Seriously, at the end of the day it's the interpretation as much as the material and many a performer has made a purse out of a sow's ear and I'm sure that Zoe and Alan wouldn't have gone into the purse-making business (musically speaking) if they regarded the Fab Four's songs as 'sow's ears'.
From Me To You - The End.
I agree entirely; Arun Ghosh played a stunning version of TNK at the Sage. Mind that is a brilliant original; Phils Collins and Manzanera both did decent versions as well. I saw Andy Sheppard do And I Love Her and it was brilliant; way better than the original. JJ Barnes did a decent version of Daytripper, I think it was Stevie Wonder who did We can work it out and the Impressions did Fool on the Hill but, as my second favourite Fabs track, it should have been better. MJ did probably the best version of Come Together.

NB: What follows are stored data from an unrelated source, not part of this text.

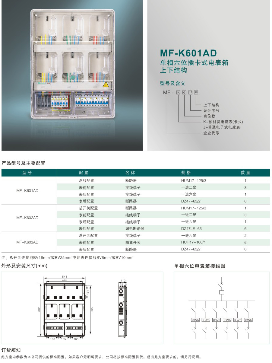 MF-K601AD 單相六位插卡式電表箱上下結構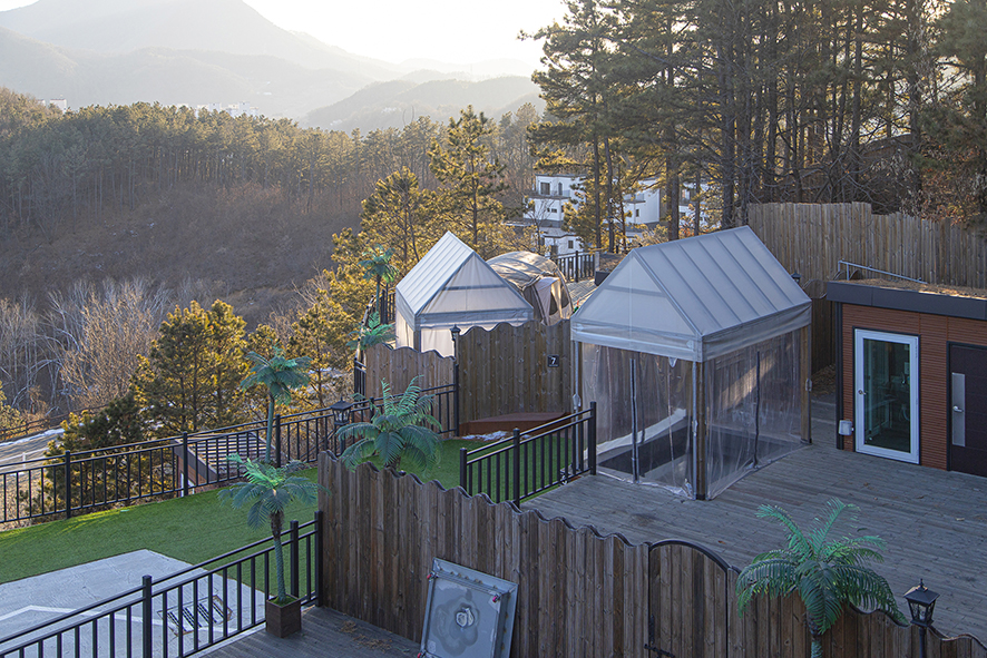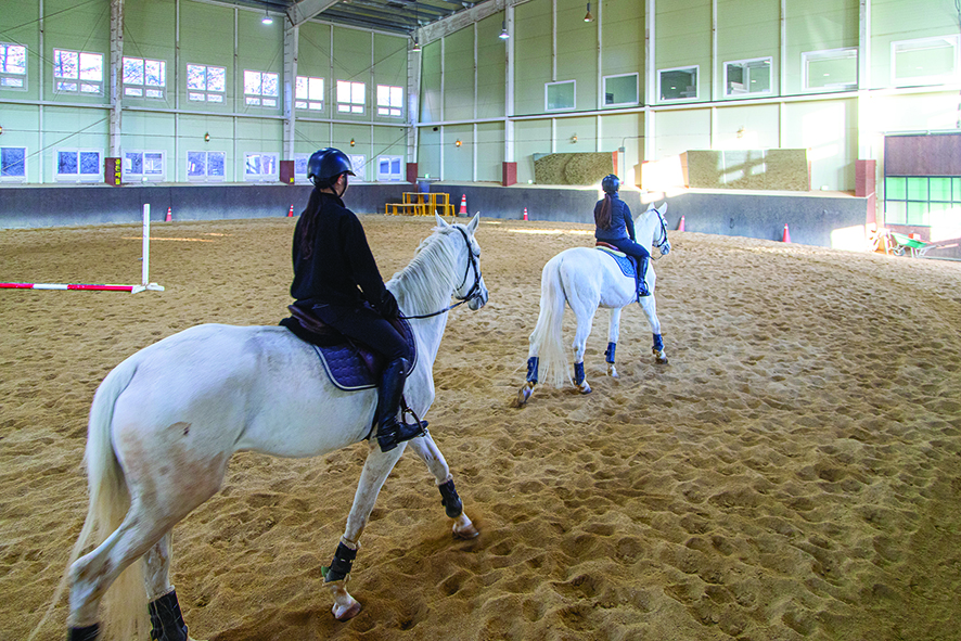 국제 규격 실내마장과 야외마장을 갖추고, 공인 자격 교관이 상주해 안전한 교육이 가능하다. 초보자를 위한 ‘포니등급’ 교육과 등급 심사도 운영해 입문자에게 적합하다. 승마장 뒤편 언덕에는 풀빌라와 캠핑장이 있어 노천탕에서 겨울 캠핑을 즐길 수 있다.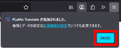 「PLaMo Translateが追加されました」と表示されたら完了。「OK」をクリックします。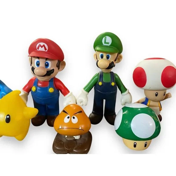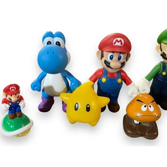 This collection of Super Mario Bros vinyl figures offers a delightful glimpse into the iconic world of Nintendo. The set includes beloved characters like Mario, Luigi, Yoshi, and Toad, each crafted with attention to detail. Ideal for collectors and enthusiasts, these figures reflect the charm and legacy of the franchise.• Authentic Banpresto figures• Includes iconic characters• Detailed design• Assorted character poses• Collectible itemFigures are in good condition with minor paint wear visible on some edges.

But how did they become SO over-rated?
Obviously, marketing. If you'd been on the scene in the early '60s you couldn't escape them. Mainstream press, TV, pirate radio. "We're greater than God" said Lennon and in the eyes of the young they were. And many of the tunes are still excellent (did they really write all those numbers in such a relatively short space of time? They probably did although the jury's still out on that one.)

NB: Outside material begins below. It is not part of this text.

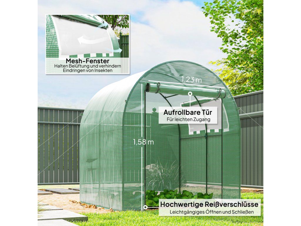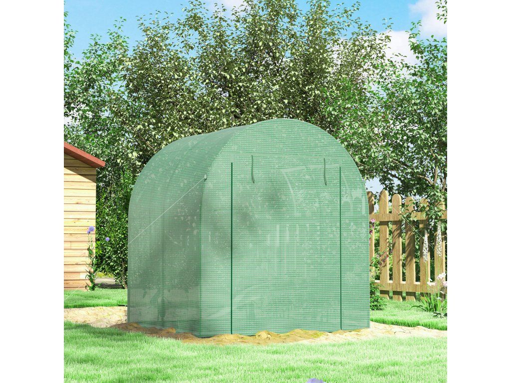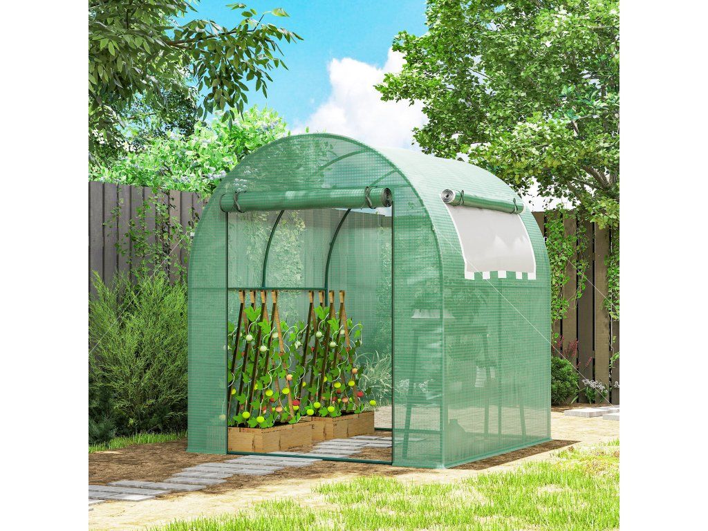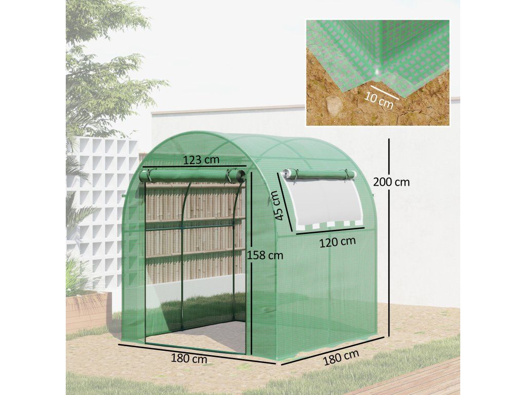 Skleník Outsunny, 180 x 180 x 200 cm, fóliový skleník s rolovacími dveřmi, UV ochrana, skleník, domek na rajčata s bočním oknem, PE síťová fólie, zimní skleník pro zahradu, balkon, zeleň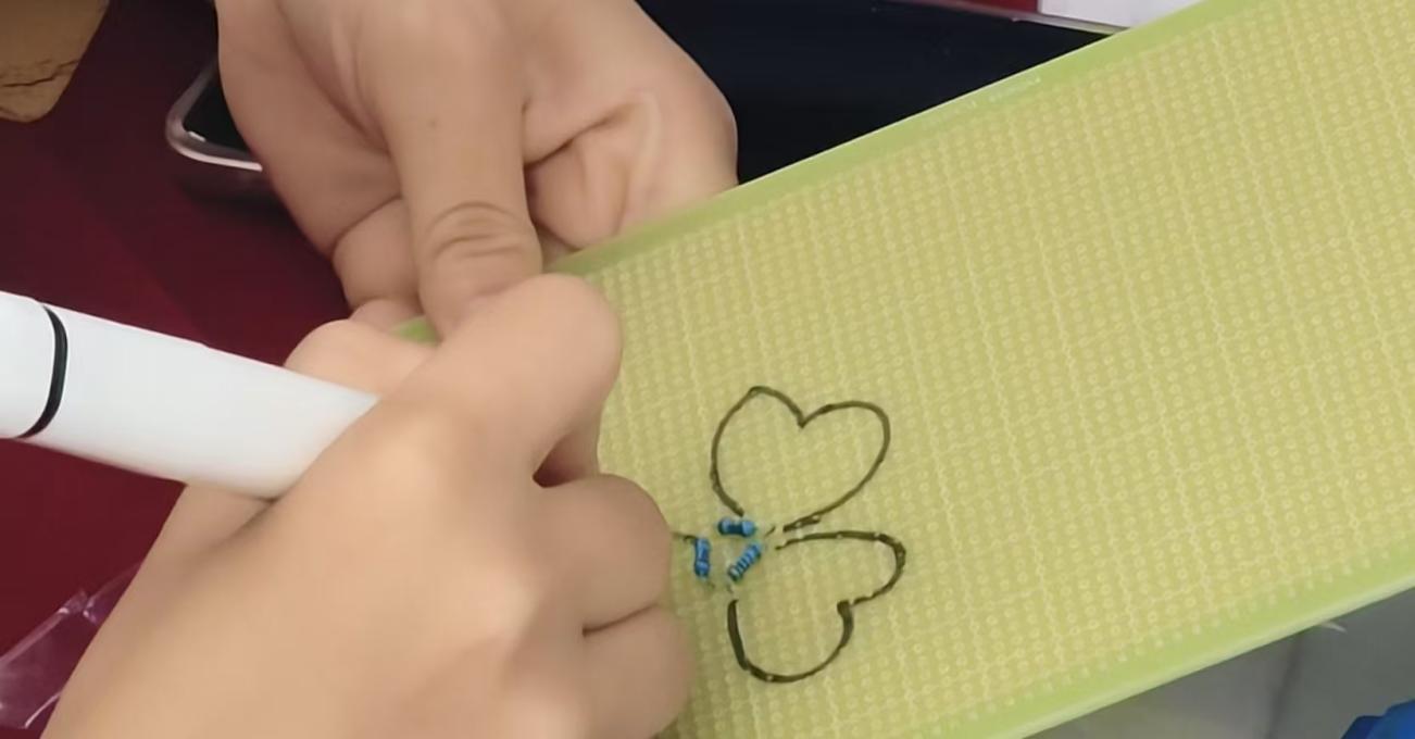 的同学助阵指导。活动全程免费为参赛同学提供洞洞板、彩色电阻、焊枪、焊锡、松香等专业的焊接工具,确保良好的体验;同时负责活动的同学也贴心地准备了紧急医疗处理套装,以防意外烫伤,全力保障大家的安全。活动伊始,前来参与的同学络绎不绝。活动过程中,同学们全神贯注,从构思图案色彩到排布焊接电阻,一点一点地完成自己作品,体验创作带来的的无穷乐趣。将终,同学们仍旧热情不减,为了让大家不留遗憾,活动延长至晚6时。

The fact that so many of their songs have become standards and performed across the genres is proof of their quality. I think Ray Davies is one of the few of their contemporaries whose material displays the same longevity.
I was unfamiliar with 'And I Love Her' until I heard it by Roland Kirk. Imagine my surprise upon discovering it wasn't by some revered name from the (then) past. As I type I'm listening to José Feliciano playing the same tune and, if I'd heard it first I'd have probably thought it was by Jobim!

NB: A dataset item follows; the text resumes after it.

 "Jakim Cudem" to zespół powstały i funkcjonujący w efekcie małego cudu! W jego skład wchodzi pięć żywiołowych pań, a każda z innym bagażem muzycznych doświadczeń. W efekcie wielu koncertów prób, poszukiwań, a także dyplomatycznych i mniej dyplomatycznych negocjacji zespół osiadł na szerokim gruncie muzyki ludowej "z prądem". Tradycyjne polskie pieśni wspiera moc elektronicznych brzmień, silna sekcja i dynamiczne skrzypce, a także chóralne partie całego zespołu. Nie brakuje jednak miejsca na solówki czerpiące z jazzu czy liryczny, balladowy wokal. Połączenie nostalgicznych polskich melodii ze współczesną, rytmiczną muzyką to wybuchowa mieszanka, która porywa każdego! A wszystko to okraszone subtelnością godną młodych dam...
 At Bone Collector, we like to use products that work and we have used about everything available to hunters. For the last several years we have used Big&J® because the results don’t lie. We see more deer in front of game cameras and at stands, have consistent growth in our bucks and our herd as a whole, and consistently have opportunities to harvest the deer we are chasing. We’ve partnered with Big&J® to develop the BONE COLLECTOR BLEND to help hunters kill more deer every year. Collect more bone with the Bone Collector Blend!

I was born in 61 so I remember them being everywhere, like the Spice Girls 30 years later only more so. For my generation they weren't even teenybop songs but nursery rhymes.
I'm not sure artists, and particularly jazz artists, covered them because they thought they were great but, as Dylan said when Joan Baez covered Yesterday, 'it's the thing to do to tell the teenyboppers you dig the Beatles'.
Certainly they had a knack for writing catchy pop songs only matched by people like Abba and the Beegees, but were more prolific. In my view that doesn't put them with the great songwriters.
I'm pretty sure the quote was 'we're more popular than Jesus' but this was among the young. Nobody really cared much about them in the seventies and in the eighties they became the most unlikely cult band for the growing number of fans of a growing number of dead popstars with, give or take Marvin Gaye in soul, the best death story.
Young people think we've all been listening to them since the early sixties but it's only really in the nineties, with their army of original fans grown up: parents, grandparents, teachers, lecturers, reporters, media executives, authors etc that they, and particularly John Lennon, became all things to all people; like Mozart, Beethoven, Shakespeare, Churchill, Leonardo, Picasso, the Dali Lama and Jesus rolled into one. The reason the sun rises, the sky is blue, water falls, flowers grow and wilderbeast sweep majestically across the Torquay skyline. If this sounds over the top, it's probably because we've had so much of it, we accept it as normal. Van Morrison claimed the media made it all up and the bands - though not all of them - just went along with it and so-called British Blues artists still think of them as teenyboppers; I recall one comparing them to Westlife and Steve Wright spluttering, though he had to agree.
George Harrison became a huge critic of the mythology in his final years, referring to it as Beatle-lore.
I expect something similar to happen with Bowie in the coming years - I call it the revenge of the teenyboppers.
On Ray Davies, I knew you liked him and wondered whether it was his heavy riffs and/or English (rather than American) lyrics.